■ Your goal ■
Drop the images, then output the listing exactly.

■ Data shown ■
=====
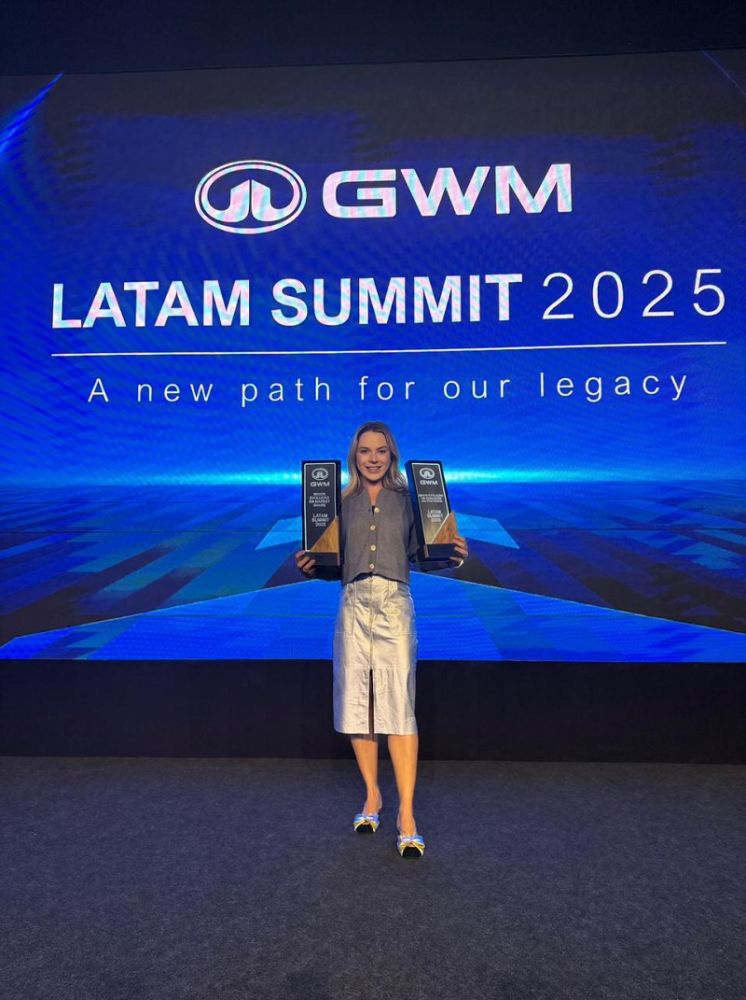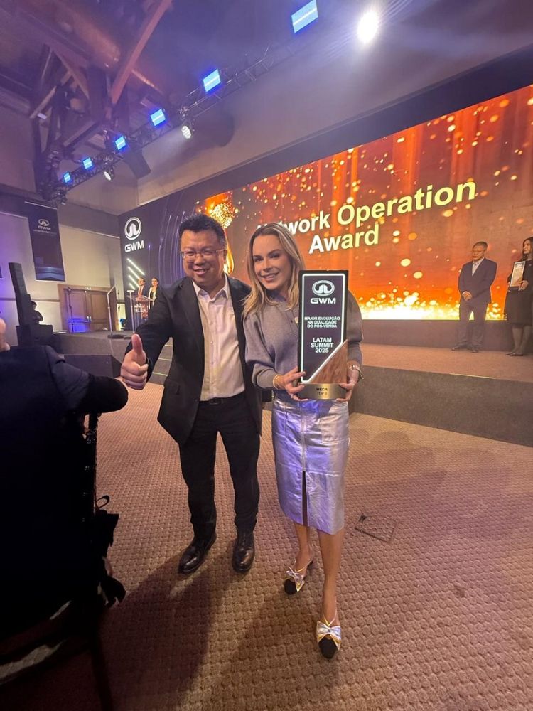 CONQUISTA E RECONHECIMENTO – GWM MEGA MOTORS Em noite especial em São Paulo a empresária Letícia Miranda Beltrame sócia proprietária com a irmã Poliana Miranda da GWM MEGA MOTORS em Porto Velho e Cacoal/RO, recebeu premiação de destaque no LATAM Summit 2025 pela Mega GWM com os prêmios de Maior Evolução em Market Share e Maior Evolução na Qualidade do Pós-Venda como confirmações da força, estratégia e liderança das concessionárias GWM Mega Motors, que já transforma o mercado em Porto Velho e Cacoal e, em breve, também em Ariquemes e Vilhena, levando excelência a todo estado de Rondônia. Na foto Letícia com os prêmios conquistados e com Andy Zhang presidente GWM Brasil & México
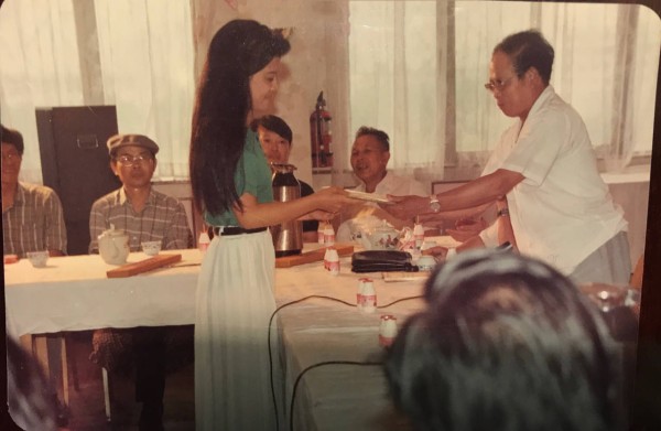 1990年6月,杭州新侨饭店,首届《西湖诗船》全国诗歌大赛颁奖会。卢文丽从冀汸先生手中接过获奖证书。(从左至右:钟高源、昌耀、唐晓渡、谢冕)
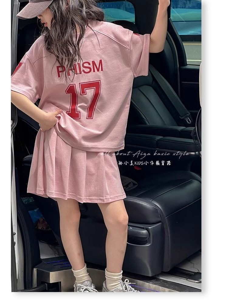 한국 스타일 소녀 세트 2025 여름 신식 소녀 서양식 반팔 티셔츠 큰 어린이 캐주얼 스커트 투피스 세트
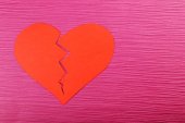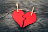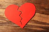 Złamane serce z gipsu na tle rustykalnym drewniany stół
=====
■ Response area ■
 CONQUISTA E RECONHECIMENTO – GWM MEGA MOTORS Em noite especial em São Paulo a empresária Letícia Miranda Beltrame sócia proprietária com a irmã Poliana Miranda da GWM MEGA MOTORS em Porto Velho e Cacoal/RO, recebeu premiação de destaque no LATAM Summit 2025 pela Mega GWM com os prêmios de Maior Evolução em Market Share e Maior Evolução na Qualidade do Pós-Venda como confirmações da força, estratégia e liderança das concessionárias GWM Mega Motors, que já transforma o mercado em Porto Velho e Cacoal e, em breve, também em Ariquemes e Vilhena, levando excelência a todo estado de Rondônia. Na foto Letícia com os prêmios conquistados e com Andy Zhang presidente GWM Brasil & México
 1990年6月,杭州新侨饭店,首届《西湖诗船》全国诗歌大赛颁奖会。卢文丽从冀汸先生手中接过获奖证书。(从左至右:钟高源、昌耀、唐晓渡、谢冕)
 한국 스타일 소녀 세트 2025 여름 신식 소녀 서양식 반팔 티셔츠 큰 어린이 캐주얼 스커트 투피스 세트
 Złamane serce z gipsu na tle rustykalnym drewniany stół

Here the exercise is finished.